The percentage of Syrians with residency permits, which provide them with more legal protections and easier access to jobs, has also decreased since Lebanon tightened its rules against Syrians. Indeed, in 2014, the Lebanese government increasingly sealed its border with Syria, making it much harder for refugees to enter the country. This was done to decrease the number of refugees in the country. This development made it more difficult for Syrians to secure a clear legal status, meaning they started facing major restrictions on freedom of movement and access to basic services, compounded with being considered “illegally” present in Lebanon.

These developments mean that Syrians largely work in the informal sector, barring them from job security or financial protection. Nonetheless, they have become an essential, but highly unprotected component of the Lebanese workforce, and important contributors to Lebanon’s economy ever since their arrival. Refugees pay for rent and food in many cases in Lebanon, meaning that only a small portion of their revenue might be spent outside of Lebanon as remittances to their families back home.

This has not stopped most of Lebanon’s political parties and religious authorities from using refugees as a scapegoat for the many issues the country is facing. At least one member of parliament belonging to the “Forces of Change” movement, which claims to represent the country’s anti-establishment movement, recently blamed the presence of refugees for the security tensions in the northeastern town of Arsal.

What next?

With the difficulties faced by all populations in Lebanon, tensions have been rising as some Lebanese accuse Syrians of exploiting their stay by receiving foreign aid in dollars and using the country’s resources. Last month, as Lebanon was going through a bread crisis, several clashes took place in which Lebanese citizens accused Syrians of taking bread, which they believe should be given to them first. Some bakeries even started segregating the bread queues between Lebanese nationals and foreigners.

In this time of unprecedented collapse, international aid programs could further enlarge their scope of work to include more vulnerable Lebanese populations as well as refugees.
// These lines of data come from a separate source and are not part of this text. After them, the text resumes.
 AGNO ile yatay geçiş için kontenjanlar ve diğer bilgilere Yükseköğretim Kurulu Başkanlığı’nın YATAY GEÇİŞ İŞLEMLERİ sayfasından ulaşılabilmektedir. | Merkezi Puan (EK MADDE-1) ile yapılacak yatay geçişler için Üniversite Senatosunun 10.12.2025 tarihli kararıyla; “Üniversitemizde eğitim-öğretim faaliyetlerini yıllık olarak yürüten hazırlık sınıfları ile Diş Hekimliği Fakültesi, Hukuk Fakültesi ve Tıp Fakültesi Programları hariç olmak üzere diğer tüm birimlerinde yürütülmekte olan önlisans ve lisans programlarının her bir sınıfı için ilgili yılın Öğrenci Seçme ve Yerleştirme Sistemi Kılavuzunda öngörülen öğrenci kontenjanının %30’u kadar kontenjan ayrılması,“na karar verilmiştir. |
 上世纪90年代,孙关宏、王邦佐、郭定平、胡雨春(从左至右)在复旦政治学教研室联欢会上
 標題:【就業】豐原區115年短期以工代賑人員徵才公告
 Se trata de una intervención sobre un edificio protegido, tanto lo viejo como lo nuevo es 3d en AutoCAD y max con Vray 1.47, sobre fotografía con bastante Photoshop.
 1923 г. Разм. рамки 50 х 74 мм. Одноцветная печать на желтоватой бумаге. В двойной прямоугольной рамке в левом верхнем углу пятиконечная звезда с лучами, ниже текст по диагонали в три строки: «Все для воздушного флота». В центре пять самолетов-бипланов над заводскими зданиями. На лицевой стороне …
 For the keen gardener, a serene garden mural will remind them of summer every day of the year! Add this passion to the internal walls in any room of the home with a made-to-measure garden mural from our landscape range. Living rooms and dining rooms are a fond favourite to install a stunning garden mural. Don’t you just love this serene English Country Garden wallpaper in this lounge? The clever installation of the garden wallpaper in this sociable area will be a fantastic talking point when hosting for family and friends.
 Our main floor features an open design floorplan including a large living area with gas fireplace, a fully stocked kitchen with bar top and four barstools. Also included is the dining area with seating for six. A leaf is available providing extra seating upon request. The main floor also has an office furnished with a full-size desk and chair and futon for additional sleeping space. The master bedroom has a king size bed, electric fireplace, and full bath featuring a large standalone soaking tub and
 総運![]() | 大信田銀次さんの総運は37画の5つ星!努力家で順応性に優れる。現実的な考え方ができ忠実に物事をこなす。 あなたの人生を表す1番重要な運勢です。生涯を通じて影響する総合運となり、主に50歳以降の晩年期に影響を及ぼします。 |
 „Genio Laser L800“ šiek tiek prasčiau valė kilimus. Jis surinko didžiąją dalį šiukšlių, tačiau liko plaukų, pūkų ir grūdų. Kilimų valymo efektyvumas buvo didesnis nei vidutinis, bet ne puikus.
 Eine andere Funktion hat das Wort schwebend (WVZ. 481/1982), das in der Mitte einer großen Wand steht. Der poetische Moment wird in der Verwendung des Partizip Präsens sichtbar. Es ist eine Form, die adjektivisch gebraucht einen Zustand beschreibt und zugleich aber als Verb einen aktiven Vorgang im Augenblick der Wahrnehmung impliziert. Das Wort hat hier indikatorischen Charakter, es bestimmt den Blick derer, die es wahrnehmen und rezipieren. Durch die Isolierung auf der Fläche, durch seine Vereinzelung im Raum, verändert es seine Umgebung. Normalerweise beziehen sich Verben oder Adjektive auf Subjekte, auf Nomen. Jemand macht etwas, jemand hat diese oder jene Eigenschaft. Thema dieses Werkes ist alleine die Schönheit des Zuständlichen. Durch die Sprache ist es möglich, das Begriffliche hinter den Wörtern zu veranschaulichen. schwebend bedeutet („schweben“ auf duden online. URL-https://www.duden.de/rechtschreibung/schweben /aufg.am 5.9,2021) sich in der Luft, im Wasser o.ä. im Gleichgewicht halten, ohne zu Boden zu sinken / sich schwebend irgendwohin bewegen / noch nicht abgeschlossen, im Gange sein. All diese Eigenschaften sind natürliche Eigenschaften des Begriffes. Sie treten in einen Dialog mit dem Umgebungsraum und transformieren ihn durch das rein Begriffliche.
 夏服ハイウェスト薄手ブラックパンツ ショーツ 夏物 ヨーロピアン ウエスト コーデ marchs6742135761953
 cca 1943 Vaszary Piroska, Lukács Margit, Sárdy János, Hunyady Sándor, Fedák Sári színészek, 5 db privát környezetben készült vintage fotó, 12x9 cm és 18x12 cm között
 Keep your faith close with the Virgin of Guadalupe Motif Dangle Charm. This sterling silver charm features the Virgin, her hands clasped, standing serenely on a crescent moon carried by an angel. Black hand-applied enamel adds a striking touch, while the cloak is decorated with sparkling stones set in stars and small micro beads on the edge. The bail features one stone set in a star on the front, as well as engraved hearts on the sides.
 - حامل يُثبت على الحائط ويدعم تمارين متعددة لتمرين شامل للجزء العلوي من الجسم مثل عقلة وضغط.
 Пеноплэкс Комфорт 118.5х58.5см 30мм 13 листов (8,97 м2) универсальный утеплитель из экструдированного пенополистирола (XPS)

This has been done in some cases but having active programs focusing on every vulnerable person in the country, regardless of nationality, could help reduce tensions.

Donor fatigue has significantly reduced the aid sent to refugees and organizations supporting them. Compounded with many countries’ refusal to take in more Syrian refugees, the issues surrounding Syrians who escape their war-torn home is an international responsibility. 

Forced deportations should be openly condemned, and repatriation programs only considered if the safety and wellbeing of those returning can be ensured. The status of Syrians in Lebanon remains highly unstable. Lebanon to this day is facing the consequences of its “policy of no policy” at the beginning of the refugee crisis, and any plan regarding the conditions of Syrians in the country must abide by international treaties and standards.


Nader Durgham is a journalist and researcher focusing on the Middle East.